What to do. Extract the records in full, leaving every picture out.
"""
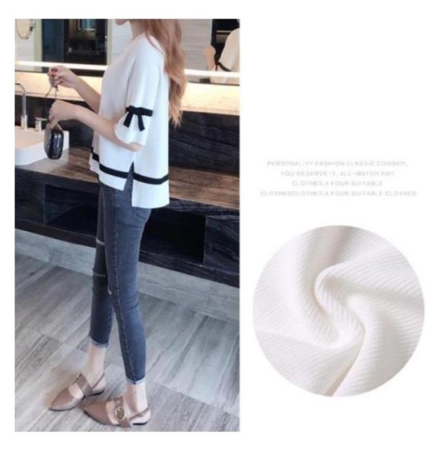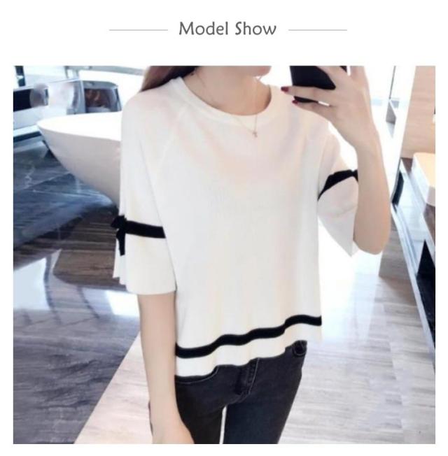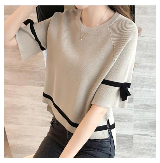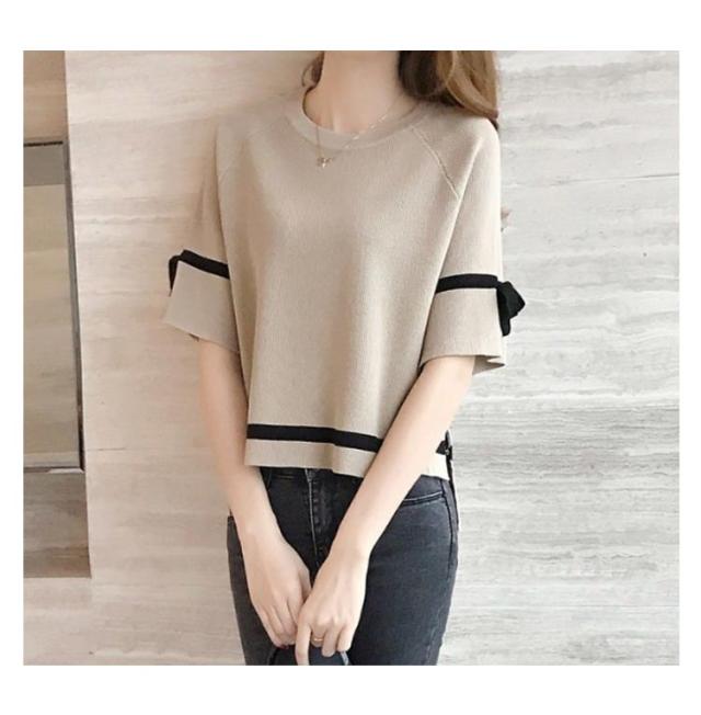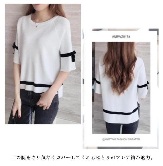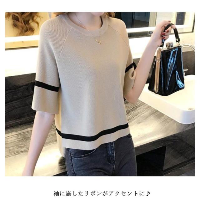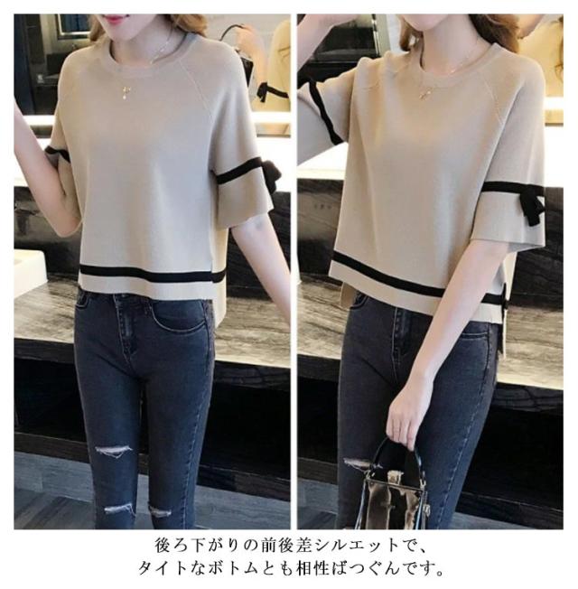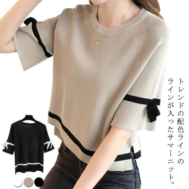 サマーニット レディース カットソー 五分袖 半袖 ショート丈 ひんやり 接触冷感 ニット トップス プルオーバー フレア袖 配色ライン リボン クールネック ニットソー Tシャツ 涼しい ニット セーター カジュアル ゆったり 体型カバー 春 夏 送料無料
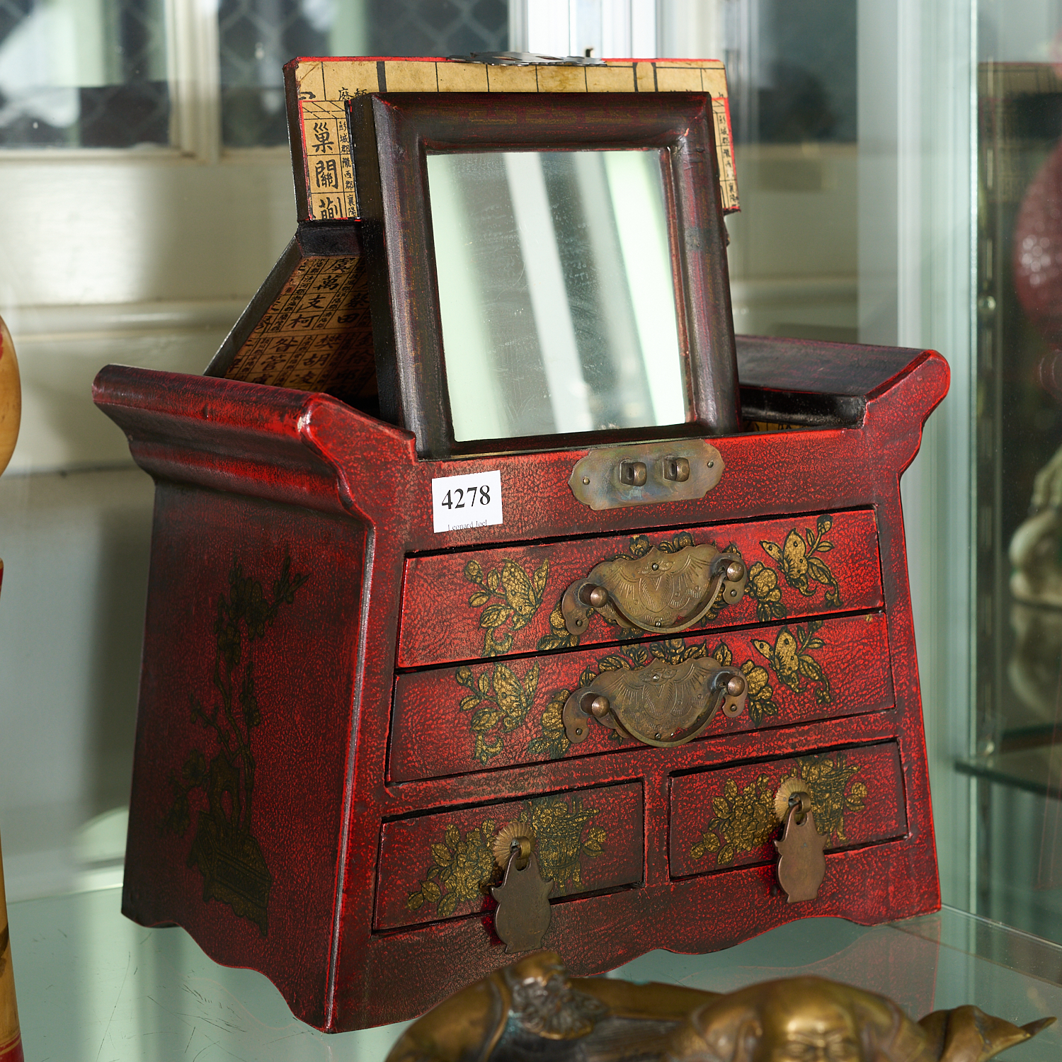 A CHINESE VANITY BOX WITH MIRROR AND BRASS MOUNTS, H. 20.5CM X W. 25CM X D.17CM, LEONARD JOEL LOCAL DELIVERY SIZE: MEDIUM
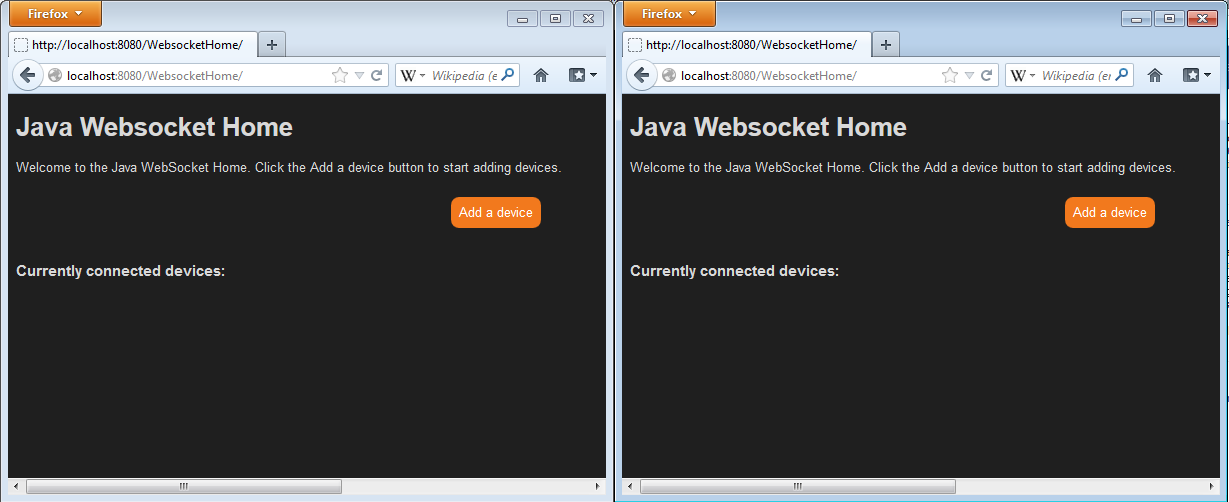 A device is added to the Java WebSocket Home server and it is rendered in both web browsers.
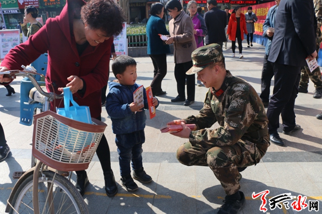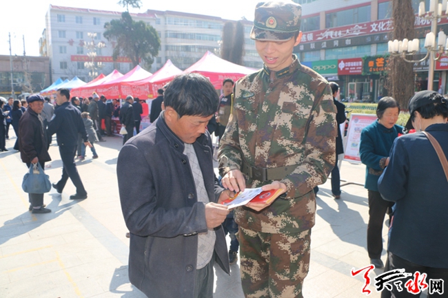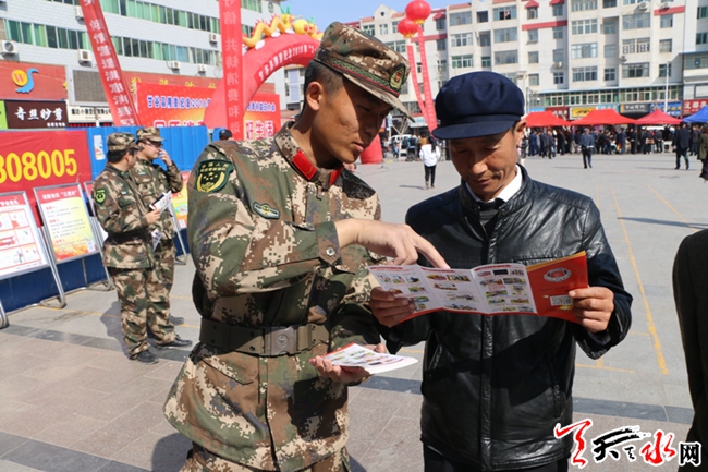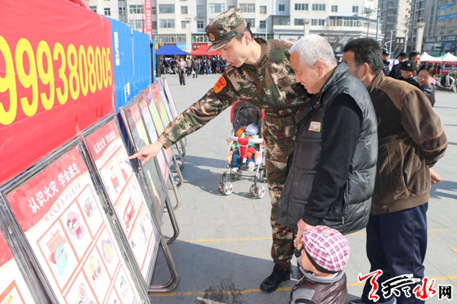 天天天水网讯(通讯员牛翔宇 王俊)3月14日,甘谷县政府在大十字广场举行以“品质消费,完美生活”为主题的“3.15”国际消费者权益日,甘谷消防大(中)队充分利用这一契机,组织消防官兵开展消防宣传活动,让广大人民群众接受消防安全知识教育。
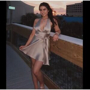 Elegant taupe gray short dress featuring a deep V-neckline, open back with self-tie, and soft satin-like drape. Hidden side zip closure and tonal interior lining create a smooth, elevated silhouette perfect for date nights, parties, and special events. New with tags and sold out in stores.
"""
Your solution.
 サマーニット レディース カットソー 五分袖 半袖 ショート丈 ひんやり 接触冷感 ニット トップス プルオーバー フレア袖 配色ライン リボン クールネック ニットソー Tシャツ 涼しい ニット セーター カジュアル ゆったり 体型カバー 春 夏 送料無料
 A CHINESE VANITY BOX WITH MIRROR AND BRASS MOUNTS, H. 20.5CM X W. 25CM X D.17CM, LEONARD JOEL LOCAL DELIVERY SIZE: MEDIUM
 A device is added to the Java WebSocket Home server and it is rendered in both web browsers.
 天天天水网讯(通讯员牛翔宇 王俊)3月14日,甘谷县政府在大十字广场举行以“品质消费,完美生活”为主题的“3.15”国际消费者权益日,甘谷消防大(中)队充分利用这一契机,组织消防官兵开展消防宣传活动,让广大人民群众接受消防安全知识教育。
 Elegant taupe gray short dress featuring a deep V-neckline, open back with self-tie, and soft satin-like drape. Hidden side zip closure and tonal interior lining create a smooth, elevated silhouette perfect for date nights, parties, and special events. New with tags and sold out in stores.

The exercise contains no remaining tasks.